The prospect of a prolonged economic downturn has hit businesses hard, but the frozen capital markets have had a particularly chilling effect on startups — and the investors that fund them.
In a normal year, legions of entrepreneurs get funding from private investors who like their concept. It's called venture capitalism. The idea is for a young company to incubate and grow on this private money for a few years. If the concept works, it all pays off when the company is sold.
But if there's no buyer, there's no payoff.
The president of the National Venture Capital Association, Mark Heesen, says when that happens, the company just sits.
"Just like you have a teenager that you thought would be out of the house by now, we have companies that we thought we would have sold or have gone public by now and they're still at home," Heesen says.
During the first three quarters of 2008, the association says only six venture-backed companies sold shares to the public through initial public offerings. That compares with 86 IPOs in 2007.
"We saw zero IPOs in the second quarter of 2008," Heesen says. "That's the first time in the 30 years that we've been tracking this that we've never had an IPO in a quarter."

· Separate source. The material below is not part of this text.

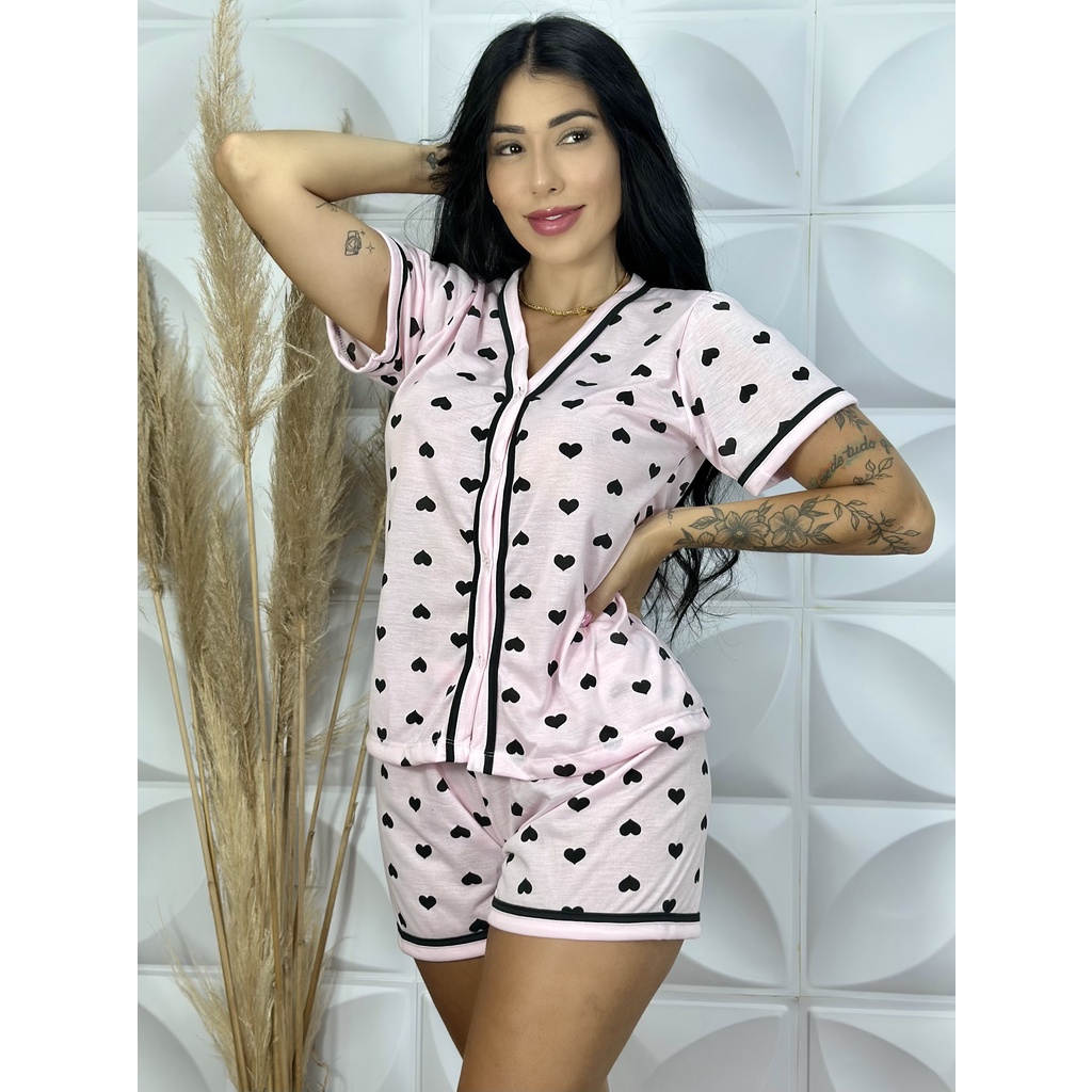 Pijama Curto Baby Doll Americano Blogueirinha Sem Gola com Botão Feminino Adulto Amamentação gola V

One of those shelved sales was a company called Convio, which designs software that helps nonprofits track and communicate with donors. Convio had hoped to sell shares to the public earlier this year. But when it came time to pull the trigger, Chief Financial Officer Jim Offerdahl says, there simply was no interest from investors.

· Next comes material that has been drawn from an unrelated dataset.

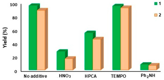The effect of different additives on the catalytic ability of complexes 1 and 2 was explored. Nitric acid (HNO3) and 2-pyrazinecarboxylic acid (HPCA), usually reported oxidation promotors [1,17,18], as well as 2,2,6,6-tetramethylpiperidine-1-oxyl radical (TEMPO) and diphenylamine (Ph2NH), were chosen to test the performances of 1 and 2 for the neat microwave-assisted peroxidative oxidation of 1-phenylethanol at the above optimized conditions (Figure 5). In the presence of HNO3, the yields of acetophenone decreased dramatically from 95.3% to 27.2% and 88.5% to 16.7% for 1 and 2, respectively (Table 3, entries 9 and 29). An inhibiting effect was also observed in the presence of the heteroaromatic acid HPCA (pyrazine-2-carboxylic acid), leading to a decrease of acetophenone yields to 54.8% and 45.6%, for 1 and 2, respectively (entries 10 and 30 of Table 3, respectively). These results suggest that the acid could break the chloro bridges, causing complexes to loss their structure and inherent reactivity.

"We decided that good companies don't go public in bad markets," Offerdahl says. Convio scrapped its IPO plans in August.
If the scenario continues, venture capitalists face the prospect of having to fund companies for longer before cashing in.
Trevor Loy, managing partner for Flywheel Ventures in Santa Fe, N.M., says this is starting to happen to his company. Flywheel has $40 million invested in 23 companies.
In order for his fund to keep investing in new ventures, he needs his current companies to find their own money source. And in order for that to happen, the stock market and the economy need to recover.
This is because, historically, it's the private investors who've been willing to take risks on new technologies, Loy says. He notes that bigger, more established companies tend not to fund revolutionary ideas. Companies such as Google and Apple and many companies in biotech and "green technology" started out with seed capital from private firms.
"Whether it's climate change or environmental sustainability, or human health and disease, or the need to build infrastructure for 3 billion people who are joining the middle class around the world — those are all challenges whose only solution involve hard core, deep innovation," Loy says. "And venture capital has had a pretty outsized role in fueling that innovation in the last few decades."
For now, young companies with great ideas might survive with funding from existing investors. But for entrepreneurs looking for cash, a protracted downturn means having to cast their nets wider or just running on fumes for a while.